Where the line containing "- Descrição: Nome" appears in the records below, begin there and repeat each line exactly through the final one, dropping all pictures.

Excerpts from a dataset
⁂

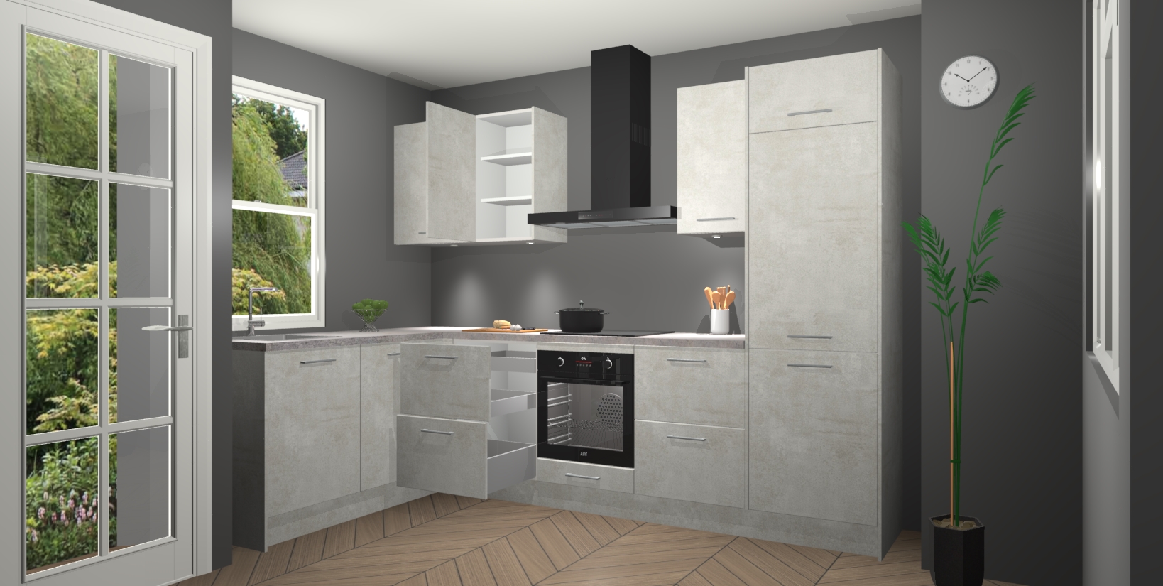 Bent u op zoek naar een strakke, moderne hoekkeuken die uw huis oppept en een moderne uitstraling geeft? Kijk dan niet verder dan de beton opaal keuken Beijing. Deze verbluffende hoekkeuken tilt hedendaags design naar een hoger niveau. Qua stijl is deze chique hoekkeuken voorzien van beton opaal accenten, om een strakke maar opvallende look te creëren. De binnenkant van de kasten is afgewerkt in dezelfde prachtige beton opaal kleur voor extra esthetische aantrekkingskracht.
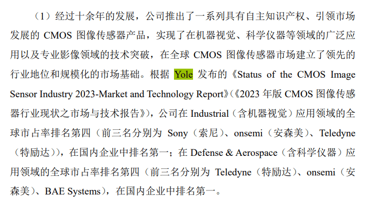 2022年Yole Group的相关报告显示,目前长光辰芯在Industrial(含机器视觉)应用领域的全球市占率排名第四,在国内企业中排名第一;在Defense & Aerospace(含科学仪器)应用领域的全球市占率排名第六,在国内企业中排名第一,是国内行业的龙头企业。
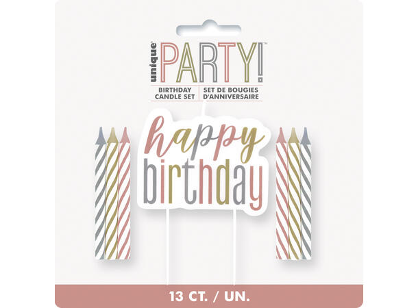 Happy Birthday kakelys i rosegull er den perfekte prikken over i-en på bursdagskaken. Med sitt elegante og moderne uttrykk gir de kaken et luksuriøst preg og sørger for at bursdagsbarnet får en feiring som virkelig skinner. Lysene er enkle å plassere og passer til alle typer kaker, enten det er en liten feiring eller en storslått fest. En stemningsfull detalj som gjør bursdagsøyeblikket enda mer minneverdig.
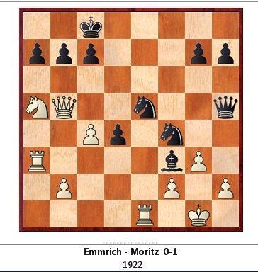 After yesterday's disaster, this was a relief. I solved it instantly: my only surprise was that in the game, black played 1…Bd5, and lost ( I don't know how, the game isn't in Megabase 2012). Perhaps because I knew it was a puzzle, the first move I looked at was 1… Qh2+, and saw immediately this was a mate, without anys variations. 2…Ng4+, 3…Nh3+, 4…Nh2 mate: pretty, but straightforward.
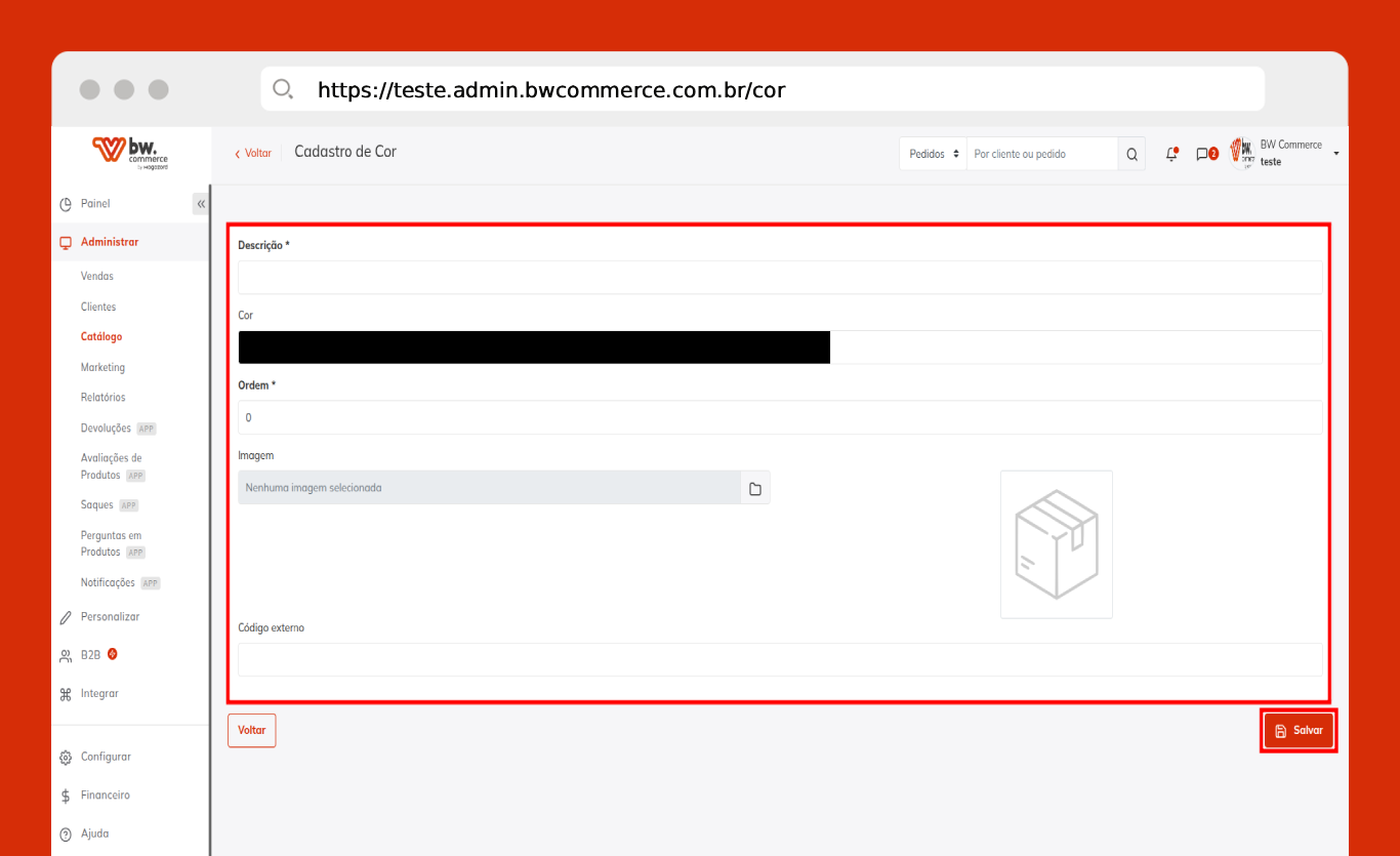 - Descrição: Nome da cor que será exibida na loja virtual.
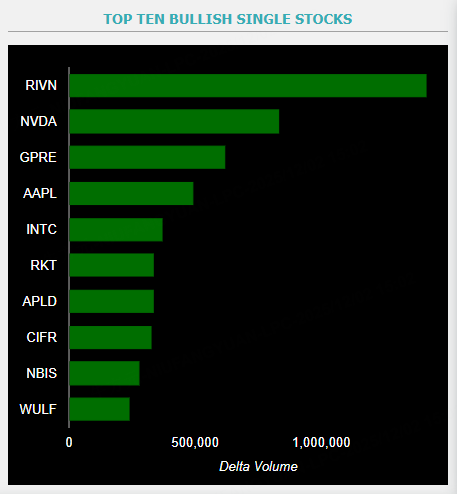 Top 10 bullish stocks: Rivian Automotive, Inc., NVIDIA, Green Plains, Apple, Intel, Rocket Companies, APPLIED DIGITAL CORP, Cipher Mining Inc., NEBIUS, TeraWulf Inc.
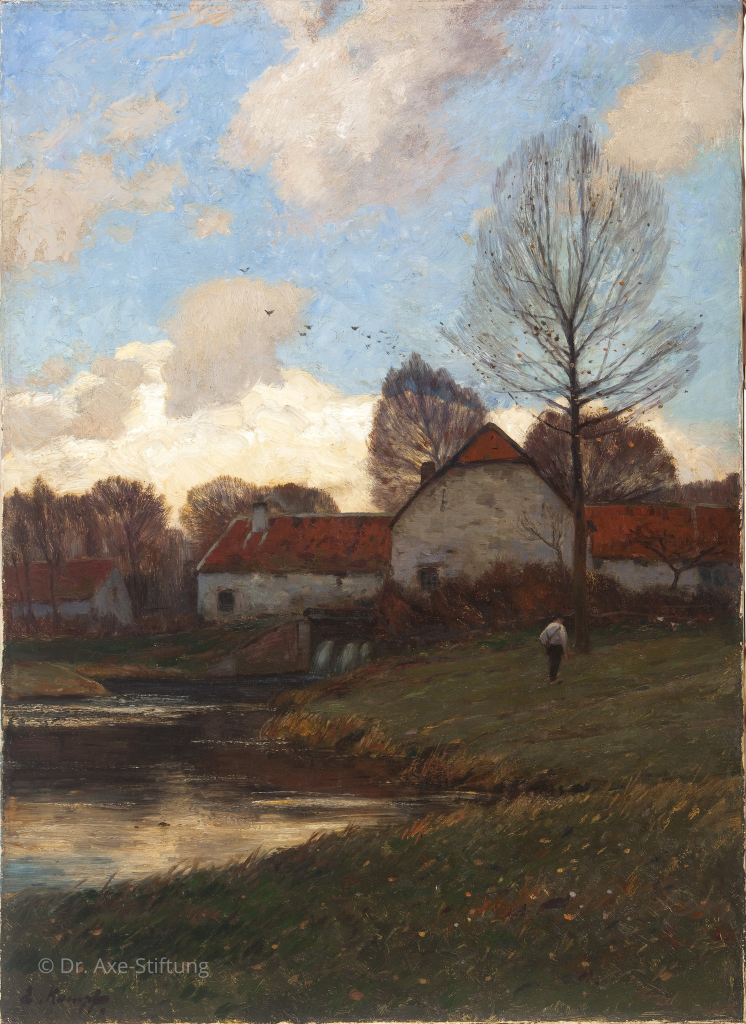 Bauernhäuser wie dieses sind typisch für die Motivwelt von Eugen Kampf. Eine querformatige Variante des herbstlichen Motivs brachte er als Radierung in die 4. Mappe des Künstler-Clubs Sankt Lucas ein, die im Jahr 1900 herausgegeben wurde. Die Dr. Axe-Stiftung besitzt zu dieser Radierung die originale Kupferplatte, die sich in der Ausstellung - gemeinsam mit weiteren Kupferplatten des Künstlers - in einer Vitrine im Erdgeschoss befindet.

⁂

_Answer space_.
 - Descrição: Nome da cor que será exibida na loja virtual.
 Top 10 bullish stocks: Rivian Automotive, Inc., NVIDIA, Green Plains, Apple, Intel, Rocket Companies, APPLIED DIGITAL CORP, Cipher Mining Inc., NEBIUS, TeraWulf Inc.
 Bauernhäuser wie dieses sind typisch für die Motivwelt von Eugen Kampf. Eine querformatige Variante des herbstlichen Motivs brachte er als Radierung in die 4. Mappe des Künstler-Clubs Sankt Lucas ein, die im Jahr 1900 herausgegeben wurde. Die Dr. Axe-Stiftung besitzt zu dieser Radierung die originale Kupferplatte, die sich in der Ausstellung - gemeinsam mit weiteren Kupferplatten des Künstlers - in einer Vitrine im Erdgeschoss befindet.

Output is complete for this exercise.